* _Prompt_: When you copy the listing, reproduce each line as it appears and omit every image.

* _Data section_:
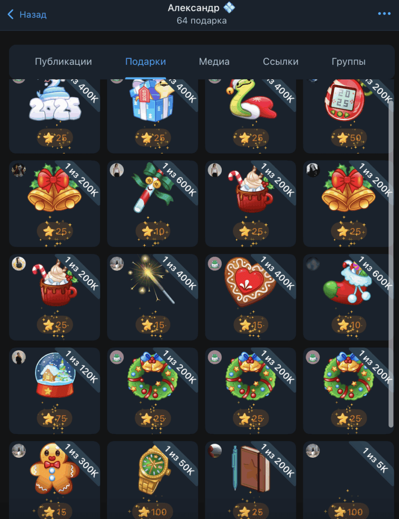 - Возможность апгрейда обычного подарка до НФТ-статуса за Stars.
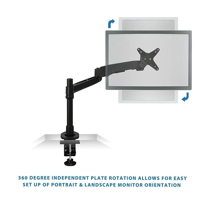 MI-35111B single monitor mount features a gas spring arm for smooth full motion monitor adjustments. From height adjustment, to monitor tilt, swivel and rotation, this monitor desk mount is designed to position your monitor perfectly for a healthier, more comfortable way to work. Save desk space while improving posture by elevating your monitor off of the desk to eye level. This premium single monitor mount is fully TAA (Trade Agreements Act) compliant and is suited for purchase by the U.S. government. It is a modular monitor mount, meaning it is fully customizable with the ability to add or remove monitor-mounting arms, which allows an organization to develop cost-effective, tailored solutions for their employees’ needs. The grommet base easily attaches to any desk up to 3” thick, making it an easy addition to any workspace. Fits monitor’s up to 32” and can carry up to 19.8lbs.
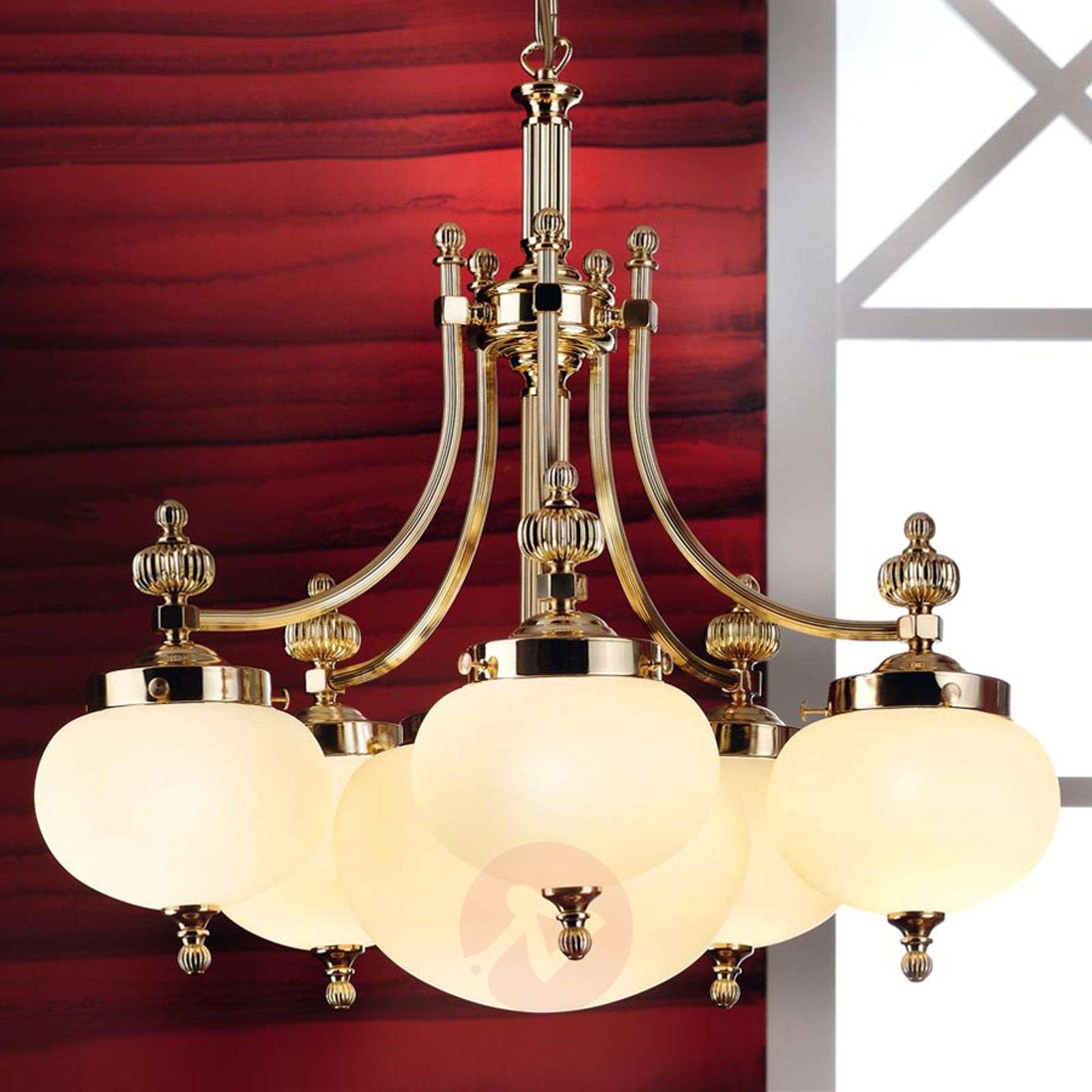 Imponująca lampa wisząca Ophelia w stylu klasycznym Klasyczna lampa wisząca Ophelia utrzymana jest w stylistyce wiedeńskich kawiarni. Korpus lampy wykonano z mosiądzu, a jego powierzchnię wypolerowano na błysk. Niemal kuliste klosze skrywają źródła światła, przy czym jeden z kloszów - umieszczony centralnie - jest większy od pozostałych i może zostać wyposażony w maks. 75 W E27 zamiast maks. 60 W E27, jak pozostałe pięć mniejszych. Ekskluzywne, utrzymane w matowym odcieniu koloru szampańskiego, trzywarstwowe klosze umożliwiają wyjątkowo jednorodne rozprowadzanie światła i chronią przed oślepieniem. Klosze opatrzone są ładnymi ornamentami z mosiężnego odlewu ciśnieniowego, które dodają tej lampie wiszącej pewnego klasycznego oraz antycznego uroku. Łańcuch można skrócić przy montażu. Lampa wisząca Ophelia to produkt wykonany ręcznie w Austrii. Starannie dobrane materiały oraz tradycyjna sztuka rzemieślnicza zapewniają długotrwałą i wysoką jakość. Klasa efektywności energetycznej: A++
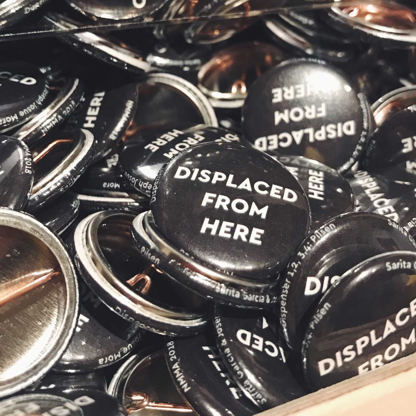 A collaboration between Sarita Garcia and Joseph Josué Mora makes visible the markers of gentrification, as consolidated into a brief but loud button meant to be worn by gallery patrons. The installation, “Dispenser 1, 2, 3, 4: Pilsen 2018,” offers a tactile expression of how visible gentrification makes one’s history in relation to space. The station features a small sign tucked beneath the center of the four aligned dispensers, requesting patrons take the pin they most identify with and begin a conversation about their relationship to Pilsen and its gentrification. The four options denote “Raised Here,” “Not From Here,” “Displaced From Here,” and “New Here.” As one thinks through these signifiers and one’s direct relationship to their real-world implications, their reality becomes haunting. There is a specific violence in living parallel to one’s colonizer while being expected to be grateful for their “renewing” presence. I say “colonizer” here to evoke anti-gentrification community organizing, which has reframed urban development through the lens of colonization given the many economic and cultural similarities between the two extractive practices.

* _Result for this task_:
 - Возможность апгрейда обычного подарка до НФТ-статуса за Stars.
 MI-35111B single monitor mount features a gas spring arm for smooth full motion monitor adjustments. From height adjustment, to monitor tilt, swivel and rotation, this monitor desk mount is designed to position your monitor perfectly for a healthier, more comfortable way to work. Save desk space while improving posture by elevating your monitor off of the desk to eye level. This premium single monitor mount is fully TAA (Trade Agreements Act) compliant and is suited for purchase by the U.S. government. It is a modular monitor mount, meaning it is fully customizable with the ability to add or remove monitor-mounting arms, which allows an organization to develop cost-effective, tailored solutions for their employees’ needs. The grommet base easily attaches to any desk up to 3” thick, making it an easy addition to any workspace. Fits monitor’s up to 32” and can carry up to 19.8lbs.
 Imponująca lampa wisząca Ophelia w stylu klasycznym Klasyczna lampa wisząca Ophelia utrzymana jest w stylistyce wiedeńskich kawiarni. Korpus lampy wykonano z mosiądzu, a jego powierzchnię wypolerowano na błysk. Niemal kuliste klosze skrywają źródła światła, przy czym jeden z kloszów - umieszczony centralnie - jest większy od pozostałych i może zostać wyposażony w maks. 75 W E27 zamiast maks. 60 W E27, jak pozostałe pięć mniejszych. Ekskluzywne, utrzymane w matowym odcieniu koloru szampańskiego, trzywarstwowe klosze umożliwiają wyjątkowo jednorodne rozprowadzanie światła i chronią przed oślepieniem. Klosze opatrzone są ładnymi ornamentami z mosiężnego odlewu ciśnieniowego, które dodają tej lampie wiszącej pewnego klasycznego oraz antycznego uroku. Łańcuch można skrócić przy montażu. Lampa wisząca Ophelia to produkt wykonany ręcznie w Austrii. Starannie dobrane materiały oraz tradycyjna sztuka rzemieślnicza zapewniają długotrwałą i wysoką jakość. Klasa efektywności energetycznej: A++
 A collaboration between Sarita Garcia and Joseph Josué Mora makes visible the markers of gentrification, as consolidated into a brief but loud button meant to be worn by gallery patrons. The installation, “Dispenser 1, 2, 3, 4: Pilsen 2018,” offers a tactile expression of how visible gentrification makes one’s history in relation to space. The station features a small sign tucked beneath the center of the four aligned dispensers, requesting patrons take the pin they most identify with and begin a conversation about their relationship to Pilsen and its gentrification. The four options denote “Raised Here,” “Not From Here,” “Displaced From Here,” and “New Here.” As one thinks through these signifiers and one’s direct relationship to their real-world implications, their reality becomes haunting. There is a specific violence in living parallel to one’s colonizer while being expected to be grateful for their “renewing” presence. I say “colonizer” here to evoke anti-gentrification community organizing, which has reframed urban development through the lens of colonization given the many economic and cultural similarities between the two extractive practices.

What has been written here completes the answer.